U.S. Pat. No. 5,208,877 by Murphy et al. entitled "Fiber Optic Grating-Based Weighted, Two-Mode Fiber Sensors" teaches of a two-mode optical fiber sensor with a permanent photo-induced index of refraction core change that can be used for modal distributed vibrational filtering applications using a Hill-like grating method. In particular, this teaching obtains a fiber-optic vibration mode filter for a cantilever beam by writing a Hill-like grating in a germanium-doped dual-mode optical fiber. The gratings occurred only at those locations where the two supported optical modes interfere with each other. These locations periodically position down the fiber length and are dependent on the strain in the fiber when light at the same wavelength used for writing the gratings at 488 nm is coupled into the fiber. The mode filter reflects all the light when the strain in the fiber matches the strain during the writing condition. The power transmitted by the fiber increases non-linearly as the strain gets further from the writing condition. To retain the first mode of the filtering and filter other mode information of a structure, for example using a cantilever beam in the sensor output, this teaching uses a Hill-like grating at the same time when the sensing fiber was prestrained in the shape of the first mode, and the linear region of the strain-power curve is used for performing sensor measurements.

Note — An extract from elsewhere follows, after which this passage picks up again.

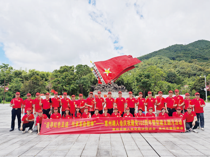 傳承紅色基因,筑夢美好未來。為進(jìn)一步強(qiáng)化黨建引領(lǐng),增強(qiáng)商會隊伍凝聚力,7月13日,惠州市潮人文化經(jīng)濟(jì)促進(jìn)會、惠州市潮汕商會(以下簡稱“惠州潮人會”)開展以“追尋紅色足跡 傳承革命精神”為主題的黨建活動,黨員干部、商會成員代表40余人走進(jìn)革命老區(qū)惠東高潭進(jìn)行參觀學(xué)習(xí),接受革命精神的洗禮;顒又荚谕ㄟ^重溫革命歷史,凝聚商會力量,以高質(zhì)量黨建推動經(jīng)濟(jì)社會高質(zhì)量發(fā)展,加速構(gòu)建新質(zhì)生產(chǎn)力。

Limitations of this method of producing such a filtering sensor include: i) harmonic distortion caused by nonlinear behavior of the strain-power response; ii) theoretical models used for producing the same are very complex and not yet available; iii) the filtering sensor must be prestrained to the mode shape that is to be retained; iv) the grating writing process is based on interferometry which dictates stringent control over environmental disturbances during making of the filter; v) the wavelength of 488 nm used to write the gratings is far from the optimal wavelength of 244 nm; and vi) the filter must be interrogated using the same wavelength used to produce the gratings wherein this constraint is significant since argon-ion lasers used in the production of this filter are large and expensive, making their use in interrogating these Hill-like grating based modal filters impractical for field applications.
To overcome limitations of the above, the invention herein directly changes the refractive index profile of the optical fiber core for a single-mode interferometric based filtering device.